Борис Заборов
То, что нельзя забыть
Большинство студентов нашего курса были выпускниками средней художественной школы (СХШ) при Академии художеств. С опасным, с детства вобравшим в себя чувством превосходства столичных вундеркиндов. Душевной чуткостью не отличались. Другим был Женя Бачурин, с которым мы учились вместе в Ленинграде. Невысокого роста, с густо-кучерявой головой, небрежно слепленными чертами лица, рассеянно меланхоличный и казавшийся более стеснительным, чем на самом деле, Женя Бачурин на курсе был человеком отдельным. Если еще добавить полное отсутствие агрессивности в его природном характере, то понятно, почему некоторые из ленинградских вундеркиндов позволяли себе беззастенчивое и снисходительное обращение с ним, порой и оскорбительное. Женя мне нравился, и пару раз я вступал в драку с его обидчиками, при этом получая по мордам тоже. Женя не был нелюдим. Но в дружеской попойке мог внезапно впасть в прострацию, замкнуться, скосив взгляд куда-то в сторону, покусывая ногти, уходил в свою даль, переставая быть со всеми. Затем, словно очнувшись от забытья, снова начинал присутствовать. Женя не был равнодушен к нежному полу и обладал способностью знакомиться с понравившейся девушкой в любом месте и при любых обстоятельствах: на переходе через Неву по мосту лейтенанта Шмидта, в троллейбусе и просто на улице. Он умело находил первое слово, и девушка, вздрогнув, тут же расслаблялась, безошибочно чувствуя миролюбивую инициативу молодого человека. Женя приглашал девушку в Академию в гости. Не помню случая, чтобы кто-либо отказался. Чаще девушку уводили более шустрые, но не всегда, не всегда.
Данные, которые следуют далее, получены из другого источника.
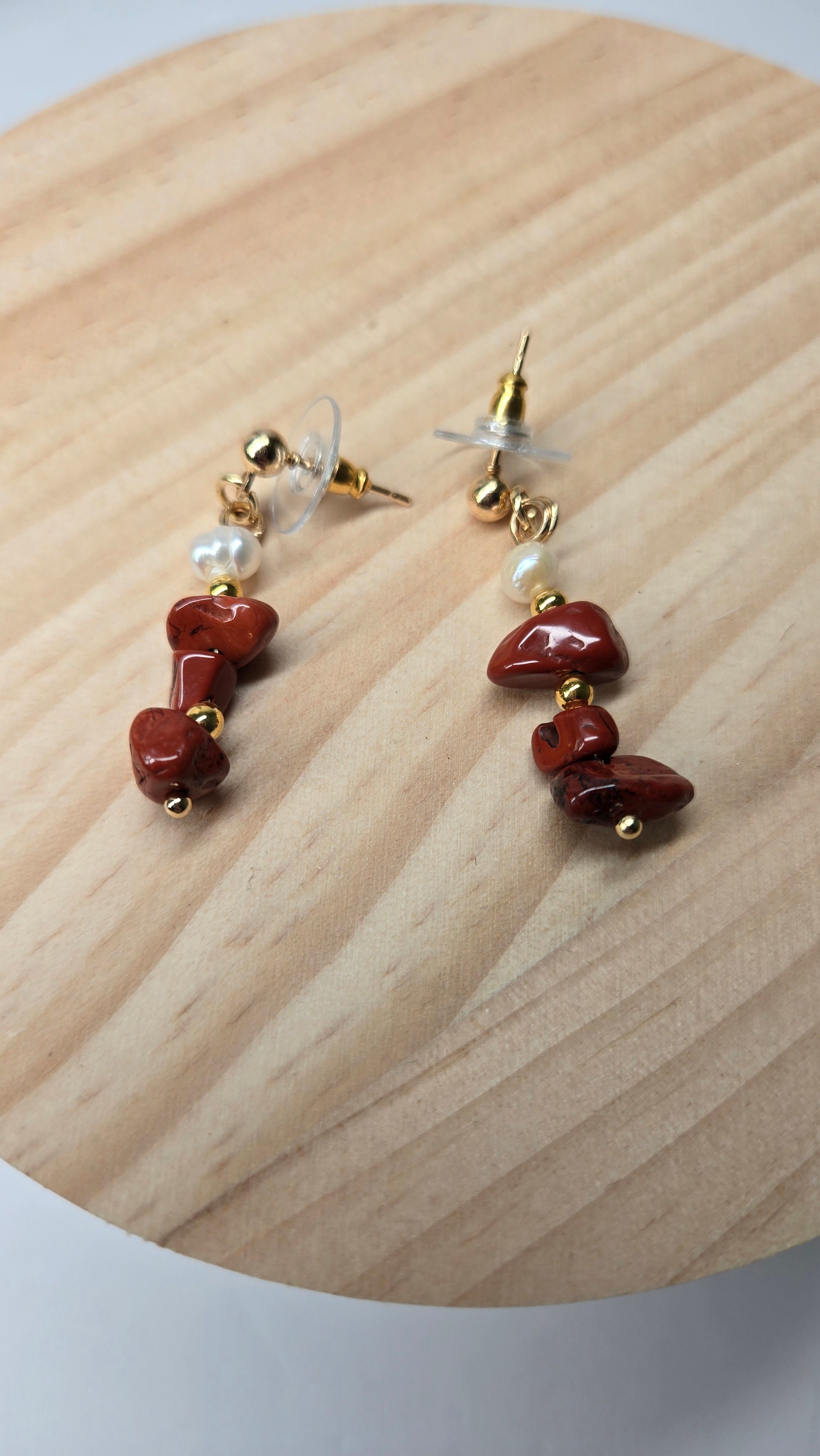 Handcrafted earrings featuring deep red coral stones paired with golden accents and a touch of natural pearl. Designed to bring warmth and elegance, these earrings reflect both passion and timeless style.

И еще одно воспоминание об этом совместном годе учебы в Ленинграде. Женя постоянно был голоден. Жил он в общежитии на левом берегу Невы, на Матросской набережной, в комнате с несколькими китайскими студентами. Китайцы жили коммуной и варили общий суп в большой кастрюле на несколько дней. Уходя на занятия, ставили кастрюлю с супом в тумбочку, закрывавшуюся на висячий замок. Ключ хранился у старосты, старшего по возрасту китайца по имени Ван Баокан. Вечером, приходя после занятий, они разогревали коммунальный суп, ужинали. Позже, когда общежитие затихало, Ван Баокан выносил в коридор маленький столик, накрывал его красной тряпицей китайского шелка, ставил портрет Мао Цзедуна в рамке со скошенной картонной ножкой. Китайская коммуна выходила со своими стульями. Скорее всего, они говорили о нечеловеческих успехах великой культурной революции на родине. А, возможно, и о чем-то другом говорили, потому, как однажды их собрание проходило необычно взволнованно, а на следующий день в Академии разгорелся скандал. Китайцы обнаружили, что из кастрюли каким-то чудесным образом убывает общественный суп. Замок на тумбочке висит, ключ в кармане Ван Баокана, человека много больше, чем жена Цезаря, вне подозрений, что и было вскоре доказано, равно как и то, что чудес на свете не бывает. Пока китайские студенты постигали азы ремесла, Женя Бачурин приспособился отвинчивать столешницу у тумбочки и, не извлекая кастрюли на поверхность, хлебал припасенной ложкой китайский суп. Хотя известная, как гимн Советского Союза, песенка тех времен упорно настаивала, что «русский с китайцем братья навек», последние никак не хотели делиться своим супом.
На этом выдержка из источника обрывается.